Warm tier (sampled): per-frame log for 1 frame per camera per minute (frame_id, ts, n_detections, confidences[], bboxes[]). Stored as rotated JSONL.
Cold tier (audit): one full-resolution frame per camera per hour, immutable, retained for the project’s life (per phase-ii-preview.md §3).
Total log volume ≈ 50–200 MB/day, dwarfed by video buffer.
Logs go to local SQLite (telemetry table) + rotated JSONL. No external log service in Phase I — Tailscale-pulled logs only. Phase II revisit when AWS comes online.
Alert routing
Section titled “Alert routing”| Severity | Channel | Audience |
|---|---|---|
| Banner (UI) | Dashboard top bar, Spanish + English | Ronald + anyone with dashboard access |
| Log | journalctl on Jetson + Tailscale-pullable | Sophia / Andrew |
| Page (P1) | OPEN[Sophia, by 2026-06-15]: Slack/Discord/email/SMS — pick one channel. Most likely: Discord webhook (free) or email via Mailgun/Resend. | Sophia, escalate to Andrew if no ack in 4 h |
| Auto-mitigate | systemd restart, suppress phantom cycle | (none — silent recovery, but logged) |
Ronald has no email / calendar / phone in any of Sophia’s connected services (per docs/overview/people.md). All Ronald-facing alerts must surface in the dashboard banner. Email-to-Ronald is not a path in Phase I.
Alternatives considered
Section titled “Alternatives considered”| Alt | Why rejected |
|---|---|
| No self-monitoring; trust the model | The “silent lie” problem is the whole point of this doc. Hard no. |
| Datadog / Sentry / production observability stack | Overkill, costly, requires cloud connection. Phase II revisit. |
| Confidence threshold alerts only (single metric) | Misses the most common failures: phantom cycles (confidence is fine), camera bumps (confidence is fine), state machine bugs. |
| Email Ronald on every alert | Ronald has no email path in our infrastructure.

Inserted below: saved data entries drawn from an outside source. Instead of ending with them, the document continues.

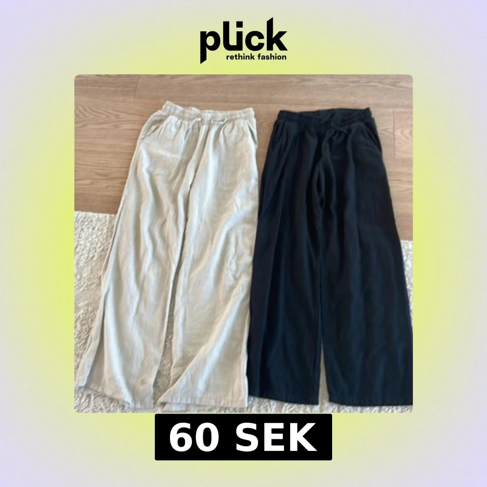 Två par sköna och luftiga linnebyxor från Lindex, ett par i beige och ett par i svart. Båda har resår i midjan och vida ben för en chill och avslappnad look. Perfekta för varma dagar eller när du vill ha det bekvämt.
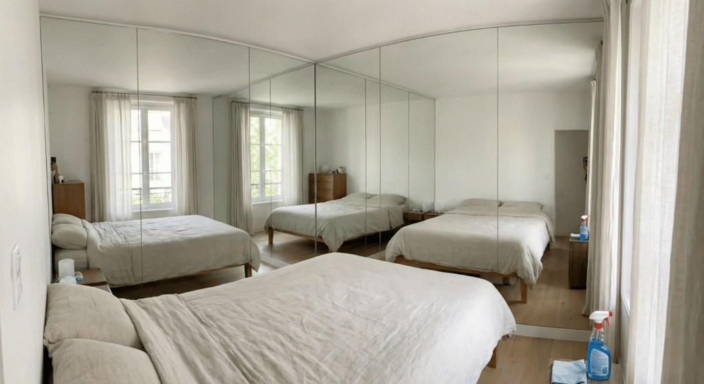 I once lived in a room with mirrored closet doors. While it made the room look huge, it was a lot of glass to keep clean. Use a high-quality glass cleaner every week to avoid a “grimy” feel.
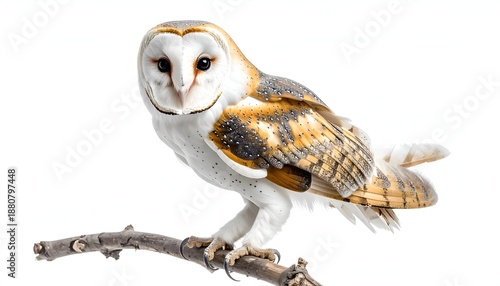 © Matthew, Obraz premium A majestic barn owl perched on a branch, showcasing its strikingly patterned feathers
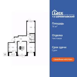 Продаётся 3-к квартира номер 32 общей площадью 76.3 кв.м. на 9-м этаже 17 этажного здания. Чистовая отделка. Цена с учётом скидки.
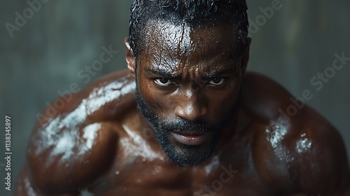 Sweaty Muscular Man Intense Gaze Powerful Physique
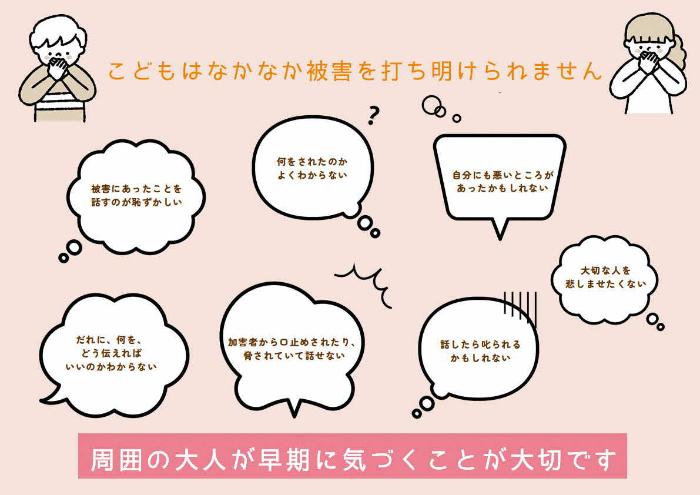 こどもへの性被害は、身近な人でも気づきにくいものです。
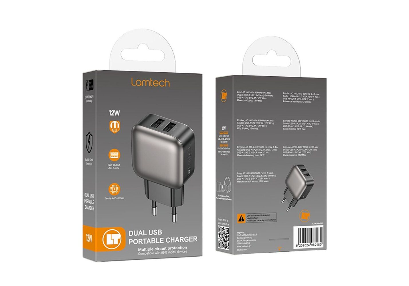Ο LAMTECH Dual USB Portable Charger 12W είναι ένας πρακτικός και αξιόπιστος φορτιστής, ιδανικός για την καθημερινή φόρτιση των συσκευών σας.
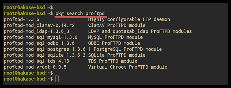 En este paso vamos a instalar el paquete ProFTPd. El repositorio de FreeBSD proporciona el paquete ProFTPd y otro módulo para la base de datos backend, como un módulo para bases de datos MySQL, PostgreSQL y SQLite.
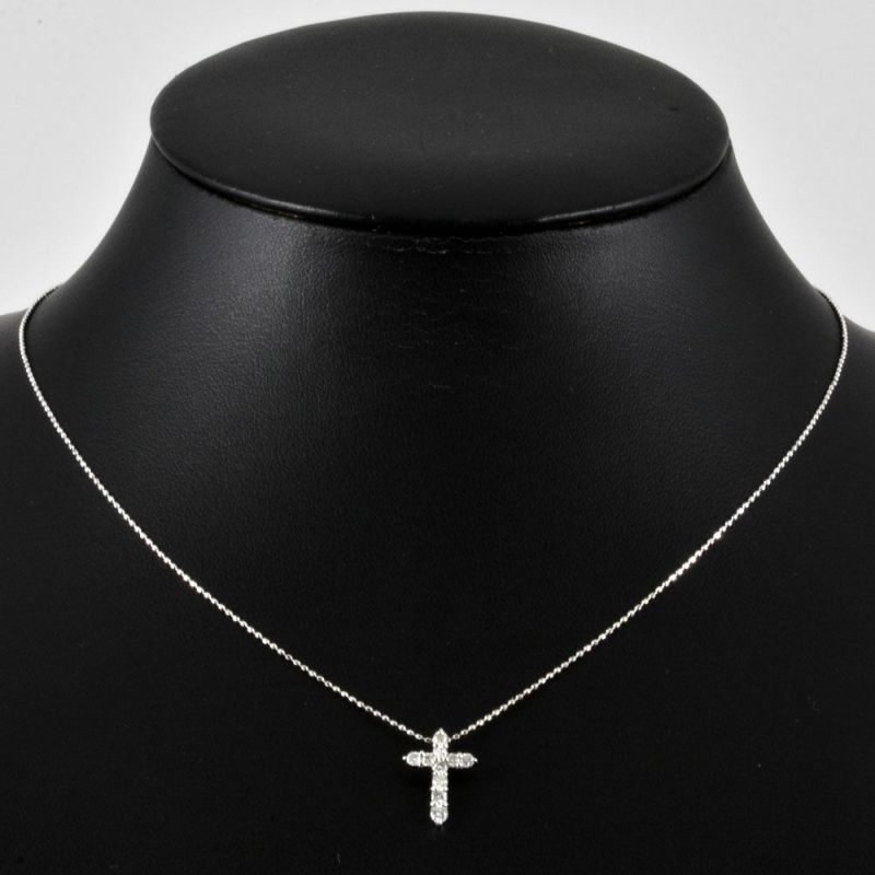 4. ツツミ TSUTSUMI クロスペンダント ネックレス ダイヤモンド 0.30ct K14WG 1.7g 0.30ct レディース【中古】
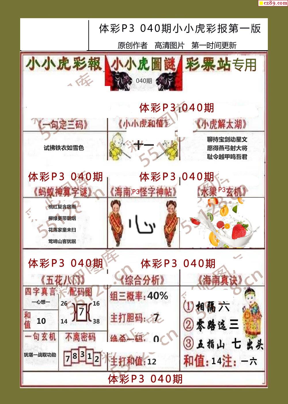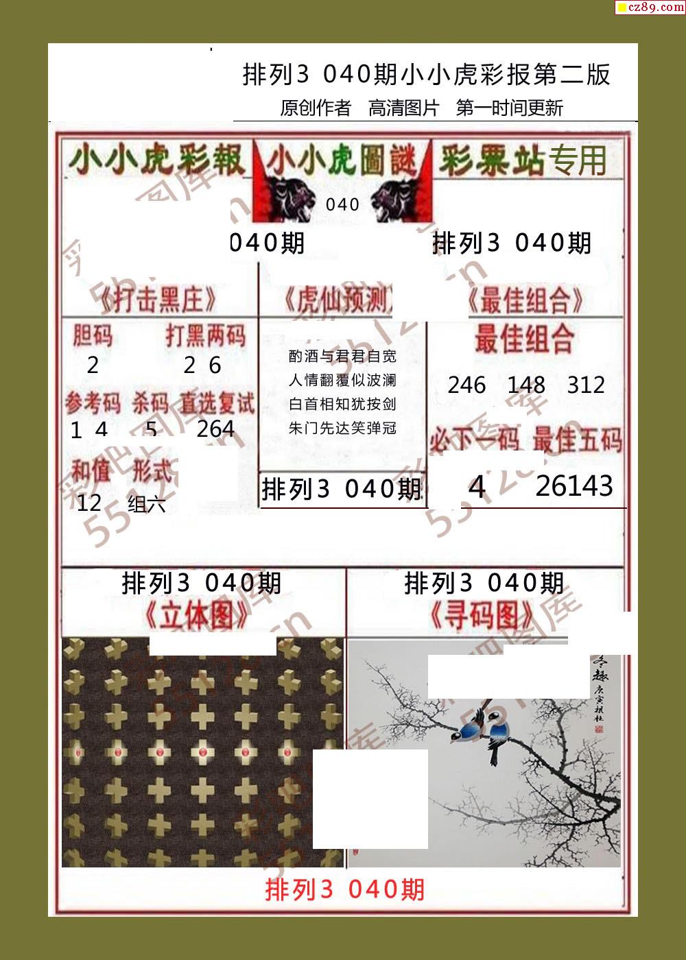 2026年040期牛彩网体彩P3画迷图谜汇总分享
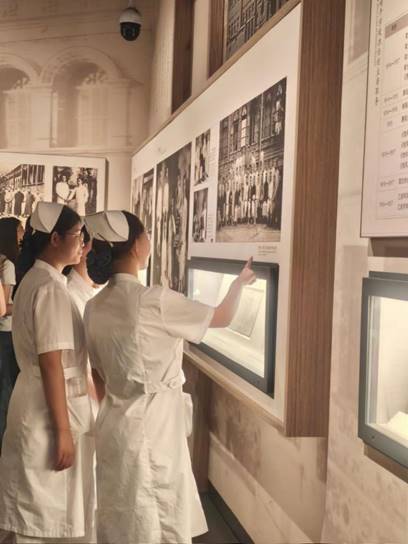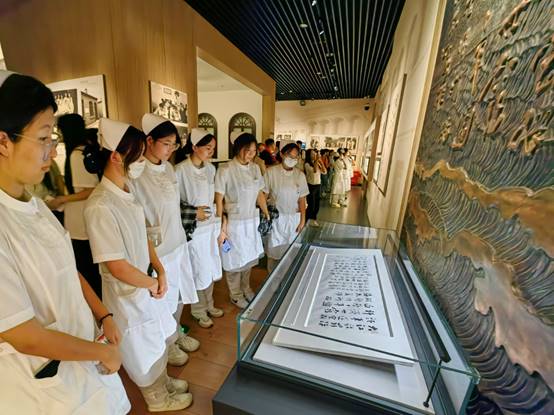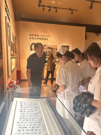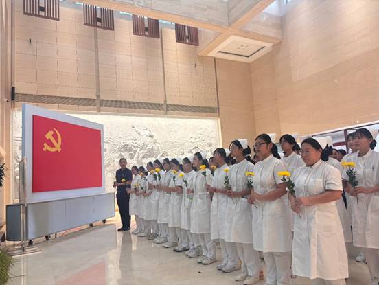 活動當天,陽光明媚,師生們懷著無比崇敬的心情,踏入了這座承載著深厚歷史記憶的紀念館。在莊嚴肅穆的氛圍中,護理系書記商其杰首先發表了激情澎湃的宣講,他的話語鏗鏘有力,激勵著在場的每一個人。隨后,在學生代表姚嘉寧的帶領下,全體學生莊嚴地重溫了醫學生誓詞。那鏗鏘有力的誓言“健康所系,性命相托…”,不僅是對醫學事業的莊重承諾,更是全體醫學生對黨、對人民、對國家的忠誠與決心的體現。
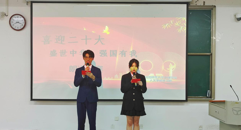 915日晚,人文学部学习部于教学楼1B101成功举办了以“喜迎二十大,盛世中华,强国有我”为主题的朗诵比赛。其旨在弘扬爱党爱国精神,习近平重要讲话的精神,传递红色积极正能量。

Even if he did, alert fatigue would shut him down within a week. |
| Auto-pause the whole system on any B-level alert | Too aggressive; lighting changes are constant. Soft-banner + log is the right level for B-tier. |
| No kill-switch | Risk of silently-wrong production numbers driving real plant decisions. Hard no. |
Open questions
Section titled “Open questions”- OPEN[Sophia, by 2026-06-01]: Pick the page channel. Discord webhook is the cheapest and we already have a Discord; Mailgun free tier (5K/mo) is the more “production” answer.

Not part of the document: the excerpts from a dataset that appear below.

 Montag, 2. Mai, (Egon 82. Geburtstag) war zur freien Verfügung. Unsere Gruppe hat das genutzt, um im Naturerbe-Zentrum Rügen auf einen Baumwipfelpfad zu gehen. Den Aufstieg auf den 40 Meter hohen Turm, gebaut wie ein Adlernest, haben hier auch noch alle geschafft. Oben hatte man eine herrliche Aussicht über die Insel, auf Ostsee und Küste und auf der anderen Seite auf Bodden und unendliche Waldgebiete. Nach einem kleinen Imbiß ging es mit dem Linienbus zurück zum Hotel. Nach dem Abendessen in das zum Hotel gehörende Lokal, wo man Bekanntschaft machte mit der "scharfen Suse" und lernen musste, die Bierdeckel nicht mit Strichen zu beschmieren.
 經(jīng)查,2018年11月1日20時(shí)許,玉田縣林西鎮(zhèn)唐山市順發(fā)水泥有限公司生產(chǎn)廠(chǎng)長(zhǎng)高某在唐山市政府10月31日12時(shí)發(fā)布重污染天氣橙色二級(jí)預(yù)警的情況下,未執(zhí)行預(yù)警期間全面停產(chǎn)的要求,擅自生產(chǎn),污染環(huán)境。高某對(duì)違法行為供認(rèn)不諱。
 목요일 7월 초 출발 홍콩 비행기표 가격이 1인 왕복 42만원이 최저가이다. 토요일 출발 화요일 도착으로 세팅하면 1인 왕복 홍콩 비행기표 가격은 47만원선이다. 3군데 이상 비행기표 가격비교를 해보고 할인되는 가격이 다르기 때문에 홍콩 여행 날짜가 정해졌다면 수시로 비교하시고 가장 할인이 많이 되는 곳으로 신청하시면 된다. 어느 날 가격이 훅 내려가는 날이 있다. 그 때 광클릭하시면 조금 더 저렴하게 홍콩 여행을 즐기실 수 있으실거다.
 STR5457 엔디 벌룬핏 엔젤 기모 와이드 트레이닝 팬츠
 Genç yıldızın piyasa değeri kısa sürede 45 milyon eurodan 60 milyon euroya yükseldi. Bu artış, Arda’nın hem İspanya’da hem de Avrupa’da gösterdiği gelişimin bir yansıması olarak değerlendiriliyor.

- OPEN[Ronald via Armando, by 2026-06-15]: When the dashboard banner is in Spanish, what term does Ronald already use for “system degraded”? Match plant vernacular, don’t invent terminology.

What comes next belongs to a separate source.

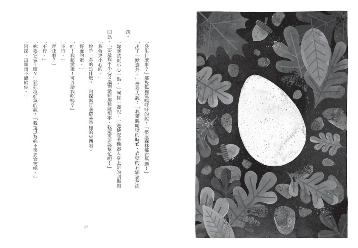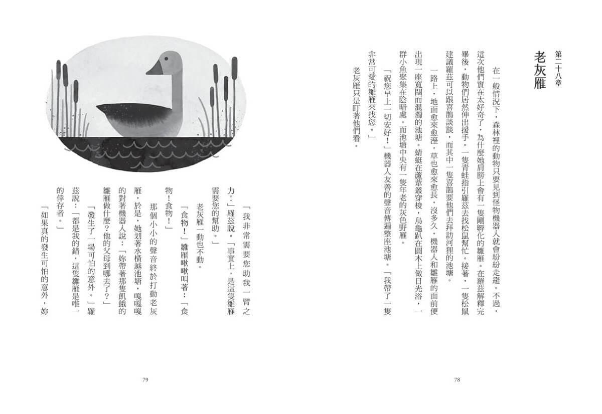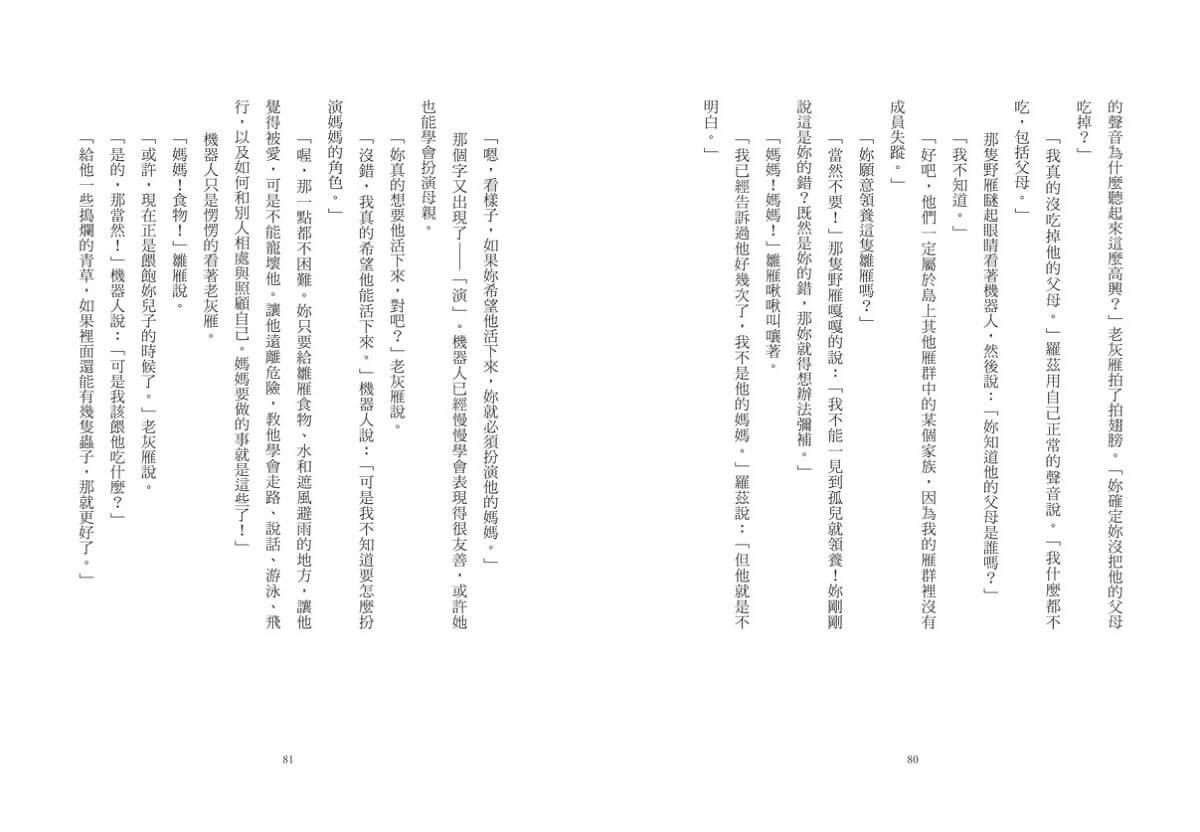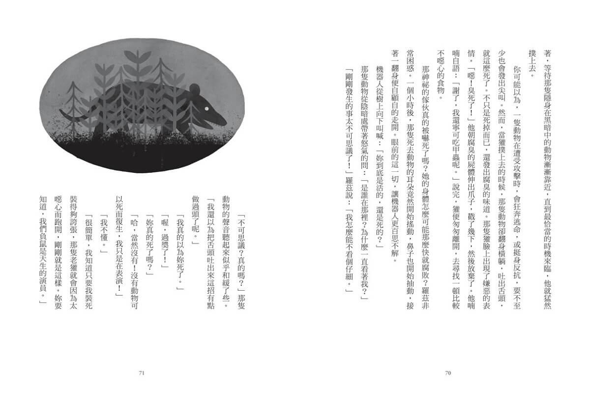 親愛的讀者,我得提醒你,羅茲完全不知道自己怎麼會來到這座島。她不知道自己是在工廠裡製造出來的,在搭乘貨輪飄洋過海前,一直存放在一間倉庫裡。她不知道一場颶風吞噬了貨輪,留下包裝她的木箱在波濤中漂浮,過了好幾天才沖上岸。她也不知道自己是由那一群好奇的海獺意外啟動。當機器人眺望整座島嶼,她甚至完全沒有想到,自己或許不屬於這裡。羅茲只知道,這是她的家。
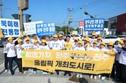 [한국기자연대] 우범기 전주시장이 시민들과 함께 완주·전주 통합을 염원하는 출근길 통합 캠페인에 나섰다. 완주·전주 통합운동을 펼치고 있는 완주·전주 상생발전네트워크(회장 박진상, 이하 상생발전네트워크)는 22일 서전주아울렛 삼거리 일대에서 우범기 전주시장과 50여 명의 회원들이 참석한 가운데 완주·전주 통합의 필요성과 당위성에 대한 시민 공감대를 높이기 위한 ‘완주전주 통합 염원을 담은 범시민 출근길 통합 캠페인’을 전개했다. 특히 이날 캠페인에는 완주·전주 통합활동을 적극 지원하고 추진해 온 우범기 전주시장이 동참해 출근을 위해 완주군 이서면과 김제시 방면을 오가는 시민들에게 통합의 필요성과 기대효과를 설명했다. 또한 우 시장은 캠페인에 참여한 시민들과 민간단체와 소통하며 응원을 전하는 한편, 참가자들과 함께 피켓을 흔들며 아침 출근길 시민들에게 완주-전주 통합을 염원하는 마음을 전했다. 캠페인에 참여한 완주·전주 상생발전네트워크의 한 회원은 “우리 지역의 미래를 위해 꼭 필요한 일이며, 완주군민들에게 완주·전주 통합을 향한 전주시민들의 염원을 전달하기 위해 지난 7월부터 캠페인 활동을 지속하

- OPEN[Andrew, by 2026-05-30]: Form AI’s playbook for what’s “alertable” vs “log-only” — crib from it.
- OPEN[Sophia, before validation W2]: Does the kill-switch fire during the validation window itself, or is it suppressed so the paper can report what happens with no human-mitigation? Recommendation: kill-switch fires during validation but the underlying
cycle_eventstable continues to record; the dashboard display is what hides numbers. The paper analyzes the unfiltered table. - OPEN[Agent C]: Jetson thermal sensor read path. Without it, A3 is unmonitorable.
tegrastatsexposes temps; pipe to telemetry. - OPEN[Sophia, paper]: What fraction of validation-window hours had
health < 0.85? This number is paper-honest; it goes in Limitations whether or not it’s flattering.
Cross-bucket dependencies
Section titled “Cross-bucket dependencies”- Agent A (frontend): dashboard banner UI, health-score display, kill-switch “manual count required” state.
- Agent B (backend):
telemetrytable; alert evaluator (a periodic Python job);withdrawn_consent_operatorstable referenced by D2. - Agent C (hardware): thermal monitoring path; PoE switch SNMP / link-state for A1 confirmation; periodic-frame review process for D1.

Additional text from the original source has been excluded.